::: The records

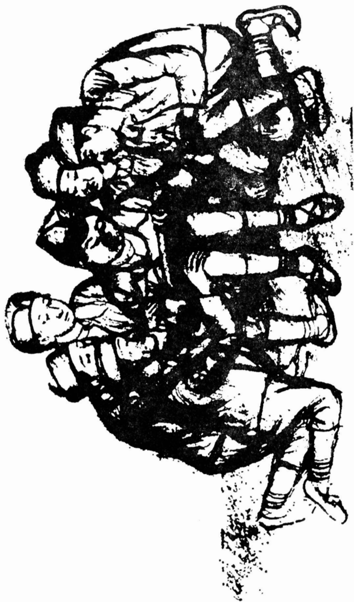
Јанко Брашић: Мали учитељ
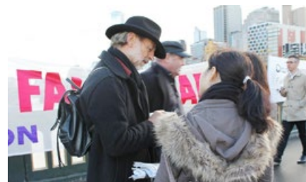
澳洲著名的诗人大卫·哈勒特先生在请愿信上签名。

足迹遍及艺术节、大中小学、作家沙龙、电台电视台，作品经常在澳广电视和电台以及澳洲SBS民族台播放的澳洲著名表演诗人大卫·哈勒特先生，当天听了法轮功学员的介绍后，立即在制止中共活摘器官的请愿信上签名。
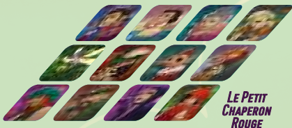
LE PETIT CHAPERON ROUGE

Les similitudes (ou différences) entre le personnage secret et les personnages des cartes Indice sont limitées uniquement par l'imagination du narrateur : détails physiques, émotions, métier, idées, etc. C'est aux autres joueurs de comprendre ce que le narrateur essaye de suggérer !
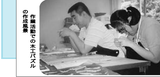
作業活動での木工バスの作成風景

自立を図ることや社会参加を促す 小規模通所授産事業 小規模通所授産事業では、個別支援計画の作成、自立生活教室、作業活動、文化・レクリエーション、生活相談、送迎サービス、給食サービス、介助サービスと健康診断の9事業を実施します。 小規模通所授産事業の対象者は、町内に在住される18歳以上の方で、身体障害者手帳の交付を受けた方が利用することができま
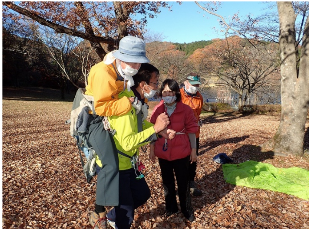
空のザックを逆さに使った一人による搬送
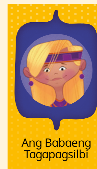
Ang Babaeng Tagapagsilbi
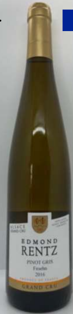
16. Domaine Edmond Rentz, Pinot Gris, Froehn Grand Cru
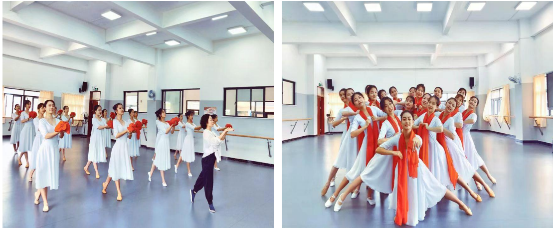
图 15-16：红色歌剧《党的女儿》排练中
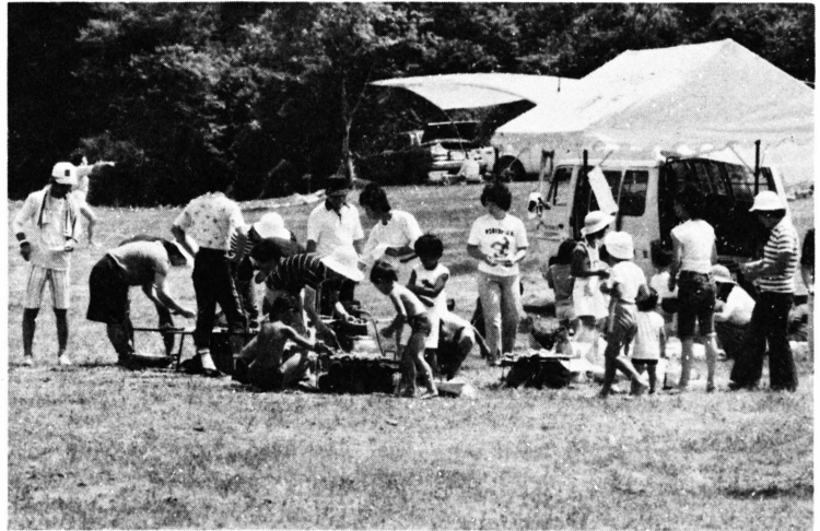
家族連れでにぎわった秋の里

一方、荒島・九頭竜峡と勝原は、勝原遊園の夏季休業などによって一般行楽客が減ったためであり、六呂師高原は円山公園の整備工事が影響
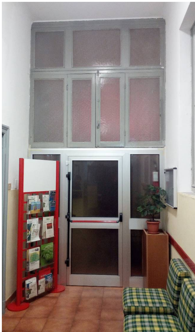
10. Porta ingresso a corridoio piano rialzato.
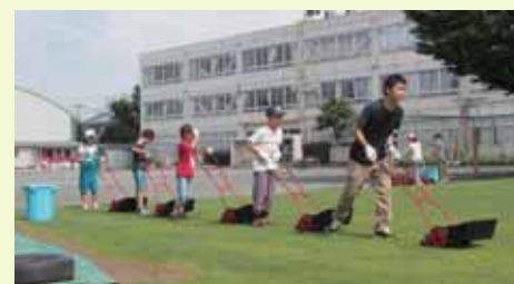
クラス作業による芝刈り

狛江第五小学校は、「みんなで楽しみ、みんなで育てる芝生」という基本理念のもと、学校・地域・保護者が協力して維持管理を行う体制の構築を目指してきました。中心となっているのは、「狛江第五小学校グリーンプロジェクト」です。PTA芝生委員（作業班2名・事務班2名）が実務を担当し、広報誌「しばふ通信」を発行しています。
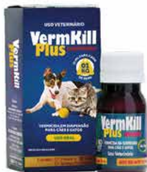
20311 VERMILL PLUS SUSPENSÃO 20 ML
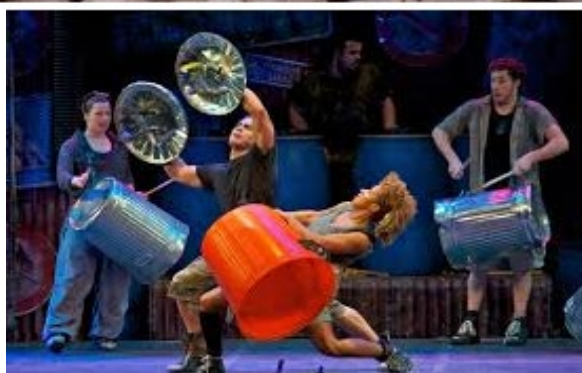
Stomp – imagini din spectacol, Las Vegas, S.U.A.

Grupul Sistem a reușit cu brio fuziunea între convențional și neconvențional prin îmbinarea elementelor de ritmică tradițională europeană, cu cele aparținând altor culturi, în speță sud-americane, africane sau asiatice, folosind instrumente de percuție din ambele sfere (setul de multipercuție, recipiente din metal, mase plastice, lemn, precum și unelte folosite în construcții, de pildă polizorul unghiular). De asemenea, grupul a promovat tipul de artă scenică propusă de predecesorii Stomp sau Blue Man Group , definind conceptul de actor-percuționist, un artist complet, pregătit pentru un altfel de spectacol, deosebit de admirat de public.
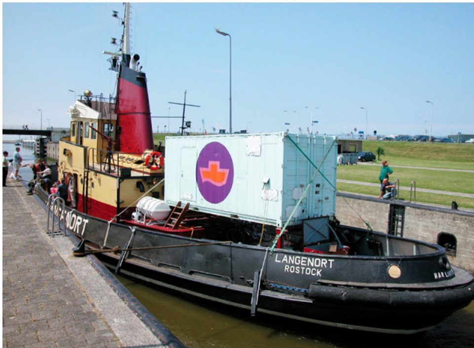
El barco Langenort antes del viaje a Polonia (2003)

Women on Waves , una organización no gubernamental sin fines de lucro, fue fundada en 1999 por Rebecca Gomperts, una médica holandesa (que también estudió arte ). El proyecto inicial no me deja de fascinar: convirtieron un contenedor de carga en una clínica ginecológica móvil (el diseño se lo deben al artista Joep van Lieshout ). El objetivo era incorporar el contenedor a un barco y navegar a países en los que el aborto estuviera criminalizado prácticamente sin excepción. En el puerto, siempre en coordinación con organizaciones locales, abordarían a mujeres del país en cuestión. De ahí viajarían a aguas internacionales, a 12 millas de la costa, y les ofrecerían a las mujeres información, talleres, entrenamiento y servicios de anticoncepción y de interrupción del embarazo. El barco, al estar registrado en Holanda, se regiría por su ley, misma que permite el aborto hasta el momento de la «viabilidad» del feto (por lo general, hasta las 24 semanas del embarazo, aunque la mayoría de las intervenciones se realizan antes de la semana 22). Tan cerca de los pro-vida y tan lejos de su poder; tan lejos de los pro-choice y tan cerca de su cobijo. Vaya manera de resignificar los límites y los alcances de la territorialidad del derecho. Gomperts lo describe como «desafiar la ley, sin quebrantarla».
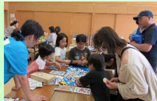
これとこれは同じ貝? 違いを見つけるのも楽しい!
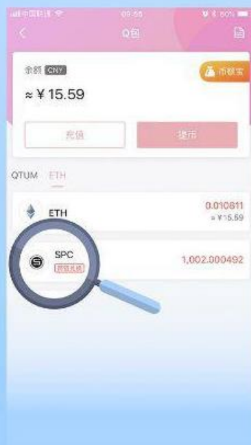
第4步 切换到Q包内ETH查看即可
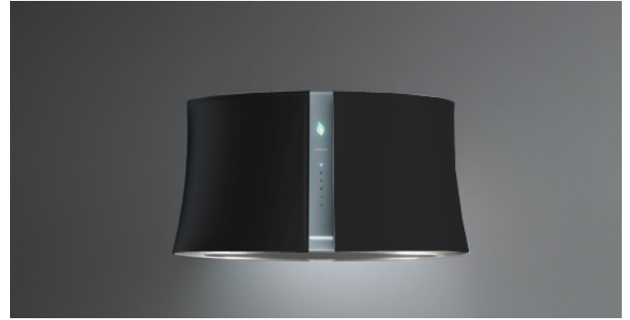
Das Bild dient rein einer groben Information. Es kann von der ausgewählten Version abweichen.
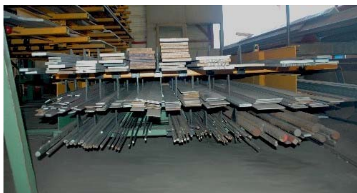
Een blik op de voorzijde van een geopende lade

Heeft u nog vragen, of zou u nog meer van dit product willen zien of horen, neem dan eens contact op, wij staan u graag geheel vrijblijvend te woord.
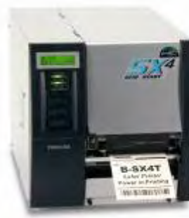
Stampante RFID B-SX
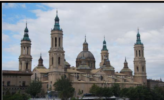
Plaza del Pilar (Zaragoza)
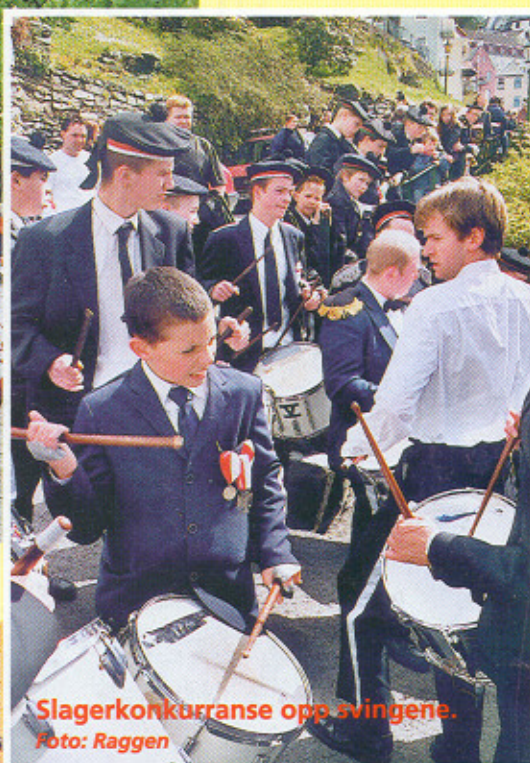
Slagerkonkurranse opp svingene.
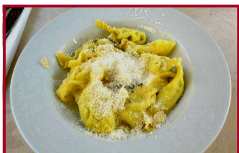
I tortelli con burro e salvia
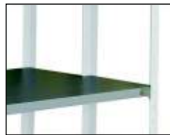
СТ-012 Полка 300x1000
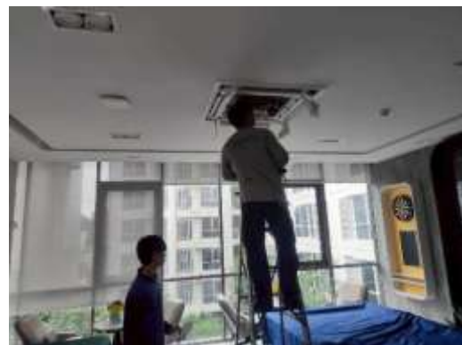
รูปที่ 40 เจ้าหน้าที่ตรวจสอบช่องระบายอากาศ
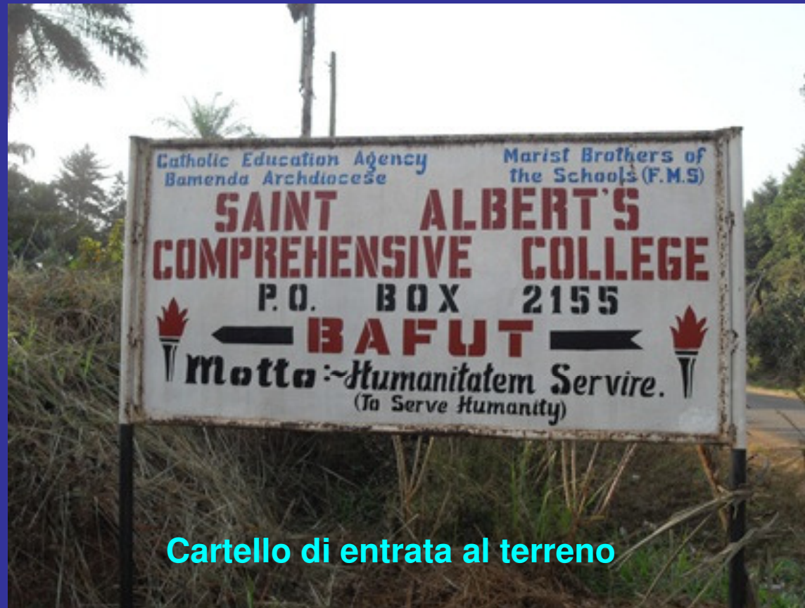
Cartello di entrata al terreno

Per rispondere a questa realtà si costruì il St. Albert's College di Bafut, nella periferia di Bamenda
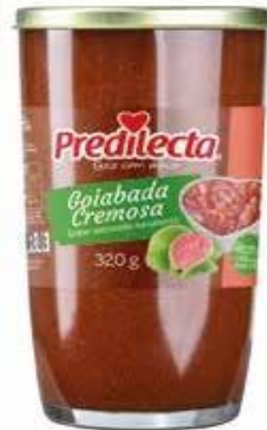
6022 Goiabada Cremosa Vidro 320g 15x320g
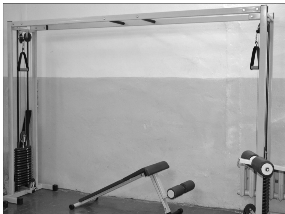
В тренажерном зале кроссовер занял полстены. Молодежь предпочитает заниматься именно на нем, так как новый тренажер прокачивает все группы мышц человеческого организма.

тренажерного зала и кабинета лечебной физической культуры. «Денежные средства в размере 500 тысяч рублей позволили улучшить спортивную базу школы», – говорит он.
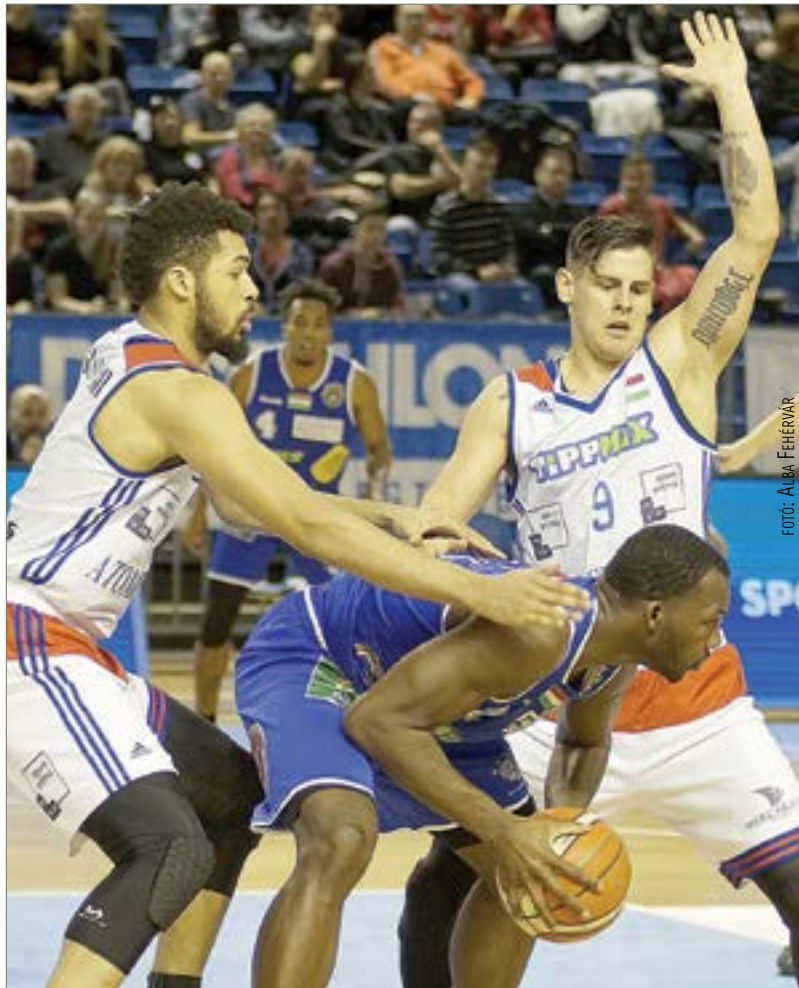
Az utolsó negyedben az Alba fölött nőtt a Paks, így a bronz is elúszott

bedobta a sorsdöntőnek bizonyuló ziccet. A döntőbe jutás csak nűanszokon múlt, majd nagyon
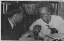
विद्यादेवी और जयशंकर : श. जयशंकर प्रसाद
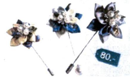
12. เข็มกลัดดอกแก้วกัลยาแบบผ้า (สีม่วง, สีครีม, สีเหลือง) 80.-
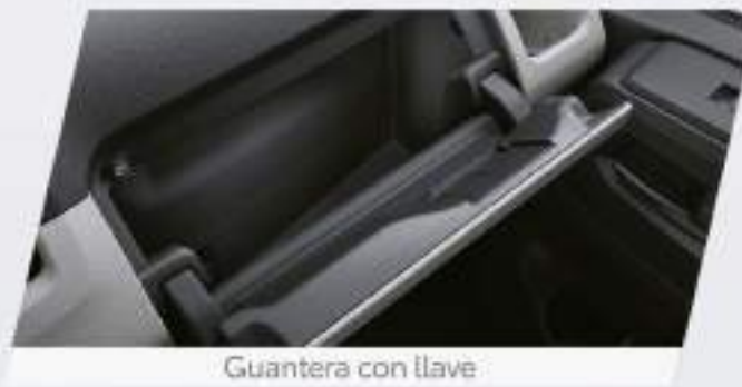
Ganterera con llave
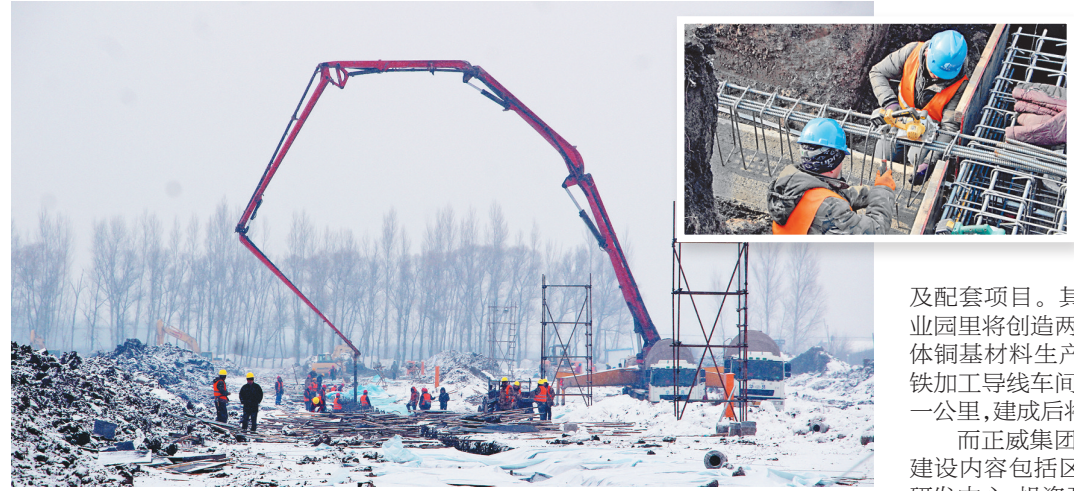
正威哈尔滨新一代材料技术产业园世界单体最大的生产车间建设现场。

“我们这个冬天要一直施工到明年1月末，这样抢抓工期，才能保证按节点推进项目建设。”正威集团黑龙江项目工程
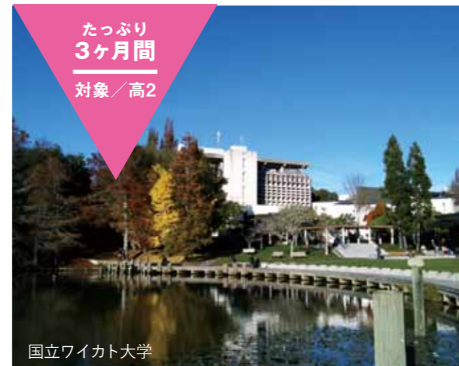
国立ワイカト大学

::::::

Description of the task: Go through the lines above. Select every one that has the string "spectacol".

Exercise result:
Stomp – imagini din spectacol, Las Vegas, S.U.A.
Grupul Sistem a reușit cu brio fuziunea între convențional și neconvențional prin îmbinarea elementelor de ritmică tradițională europeană, cu cele aparținând altor culturi, în speță sud-americane, africane sau asiatice, folosind instrumente de percuție din ambele sfere (setul de multipercuție, recipiente din metal, mase plastice, lemn, precum și unelte folosite în construcții, de pildă polizorul unghiular). De asemenea, grupul a promovat tipul de artă scenică propusă de predecesorii Stomp sau Blue Man Group , definind conceptul de actor-percuționist, un artist complet, pregătit pentru un altfel de spectacol, deosebit de admirat de public.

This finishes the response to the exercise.